Thursday, November 26, 2015 - 16:00
Jim Zidek, Professor Emeritus, Dept of Statistics, UBC
Statistics Seminar
Room 4192, Earth Science Buildling, 2207 Main Mall

***A video of the below talk can now be found here. Thank you very much to PIMS (the Pacific Institute for the Mathematical Sciences) for recording this!***

The presentation will take us along the road to the ozone standard for the United States, announced in Mar 2008 by the US Environmental Protection Agency, and then the new proposal in 2014. That agency is responsible for monitoring that nation’s air quality standards under the Clean Air Act of 1970. I will describe how I, a Canadian statistician, came to serve on the US Clean Air Scientific Advisory Committee (CASAC) for Ozone that recommended the standard and my perspectives on the process of developing it.  I will introduce the rich cast of players involved including the Committee, the EPA staff,  “blackhats”, “whitehats”, “gunslingers”, politicians and an unrevealed character waiting in the wings who appeared onstage only as the 2008 standards had been formulated.  And we will encounter a couple of tricky statistical problems that arose along with approaches, developed by the speaker and his coresearchers, which could be used to address them.  The first was about how a computational model based on things like meteorology could be combined with statistical models to infer a certain unmeasurable but hugely important ozone level, the “policy related background level” generated by things like lightning, below which the ozone standard could not go.

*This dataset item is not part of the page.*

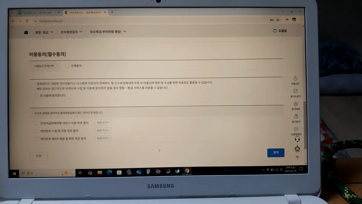 결재하기 위한 필수 정보에 대해 제공동의서를 체크박스에서 확인하고, 결재를 요청한다.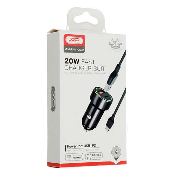 Încărcător Auto XO CC32 cu Cablu USB-C: Încărcare Duală Rapidă de 20W

The second was about estimating the actual human exposure to ozone that may differ considerably from measurements taken at fixed site monitoring locations.  Above all, the talk will be a narrative about the interaction between science and public policy - in an environment that harbors a lot of stakeholders with varying but legitimate perspectives, a lot of uncertainty in spite of the great body of knowledge about ozone and above all, a lot of potential risk to human health and welfare.